§ Information shown:
+++
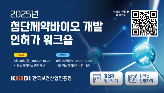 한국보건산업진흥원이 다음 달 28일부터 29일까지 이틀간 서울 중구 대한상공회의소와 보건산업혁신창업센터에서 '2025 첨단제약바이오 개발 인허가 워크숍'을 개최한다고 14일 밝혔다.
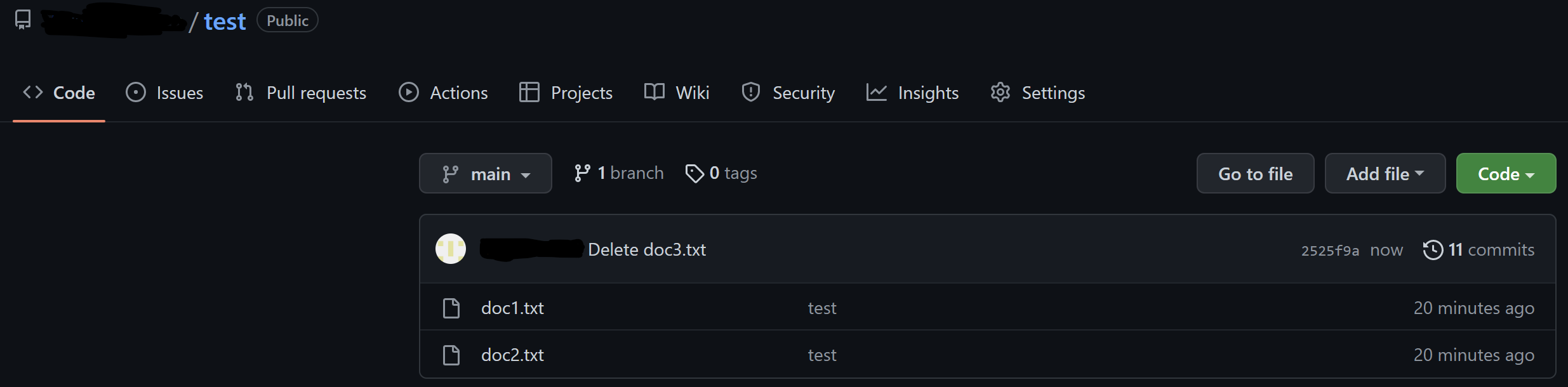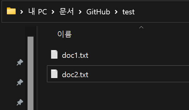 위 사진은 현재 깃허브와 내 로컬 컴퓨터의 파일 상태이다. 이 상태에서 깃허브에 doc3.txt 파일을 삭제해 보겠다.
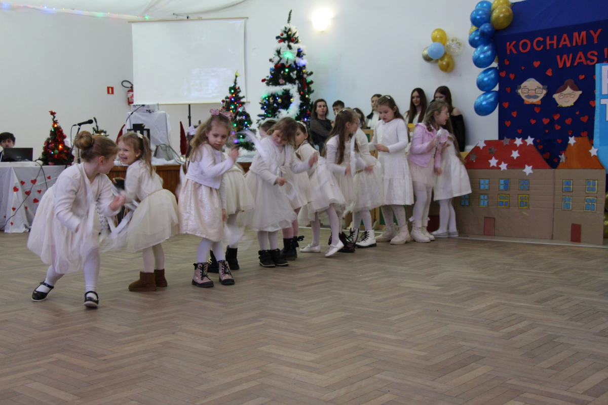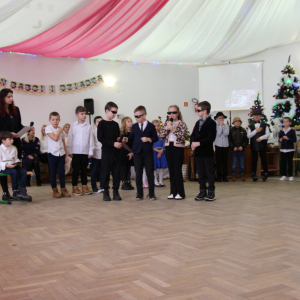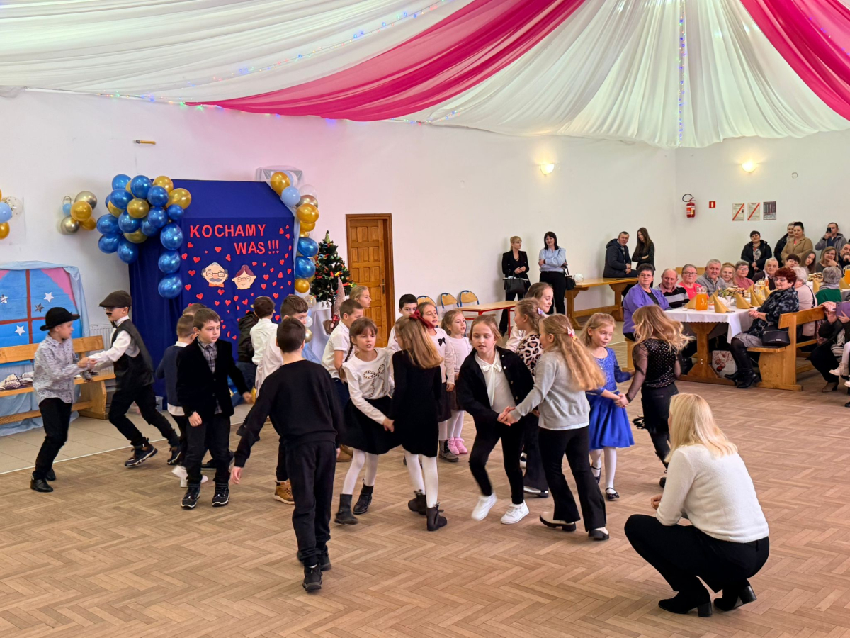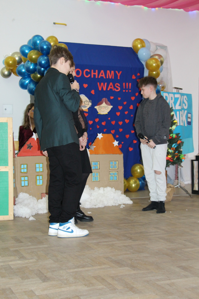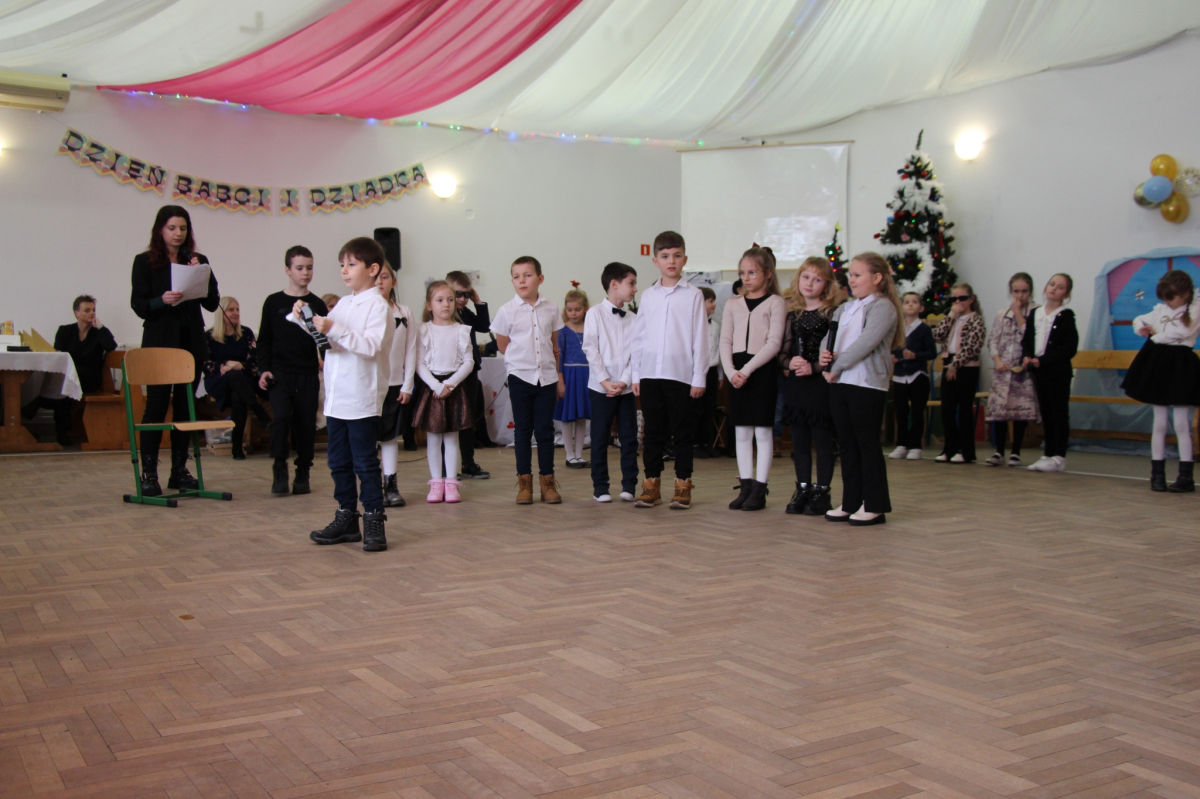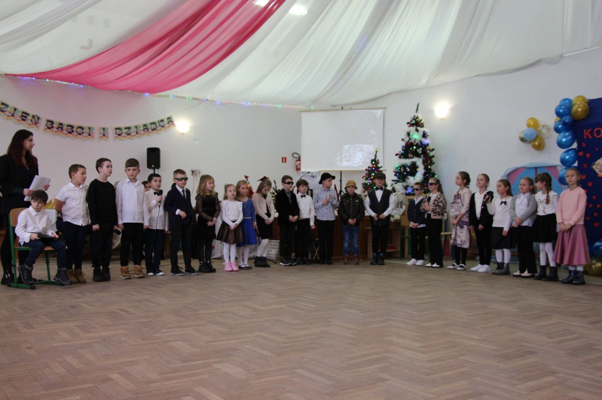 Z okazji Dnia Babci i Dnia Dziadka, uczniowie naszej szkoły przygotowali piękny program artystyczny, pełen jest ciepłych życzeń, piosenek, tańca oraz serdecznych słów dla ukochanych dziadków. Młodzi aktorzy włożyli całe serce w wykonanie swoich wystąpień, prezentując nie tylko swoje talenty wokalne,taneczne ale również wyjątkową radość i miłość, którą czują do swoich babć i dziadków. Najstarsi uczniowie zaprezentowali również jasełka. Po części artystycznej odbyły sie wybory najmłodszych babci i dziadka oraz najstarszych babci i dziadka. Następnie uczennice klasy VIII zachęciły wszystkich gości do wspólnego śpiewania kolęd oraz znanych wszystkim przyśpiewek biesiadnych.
+++
§ Activity:
Could all the data above be given again exactly, leaving out its images?

§ Answer below:
 한국보건산업진흥원이 다음 달 28일부터 29일까지 이틀간 서울 중구 대한상공회의소와 보건산업혁신창업센터에서 '2025 첨단제약바이오 개발 인허가 워크숍'을 개최한다고 14일 밝혔다.
 위 사진은 현재 깃허브와 내 로컬 컴퓨터의 파일 상태이다. 이 상태에서 깃허브에 doc3.txt 파일을 삭제해 보겠다.
 Z okazji Dnia Babci i Dnia Dziadka, uczniowie naszej szkoły przygotowali piękny program artystyczny, pełen jest ciepłych życzeń, piosenek, tańca oraz serdecznych słów dla ukochanych dziadków. Młodzi aktorzy włożyli całe serce w wykonanie swoich wystąpień, prezentując nie tylko swoje talenty wokalne,taneczne ale również wyjątkową radość i miłość, którą czują do swoich babć i dziadków. Najstarsi uczniowie zaprezentowali również jasełka. Po części artystycznej odbyły sie wybory najmłodszych babci i dziadka oraz najstarszych babci i dziadka. Następnie uczennice klasy VIII zachęciły wszystkich gości do wspólnego śpiewania kolęd oraz znanych wszystkim przyśpiewek biesiadnych.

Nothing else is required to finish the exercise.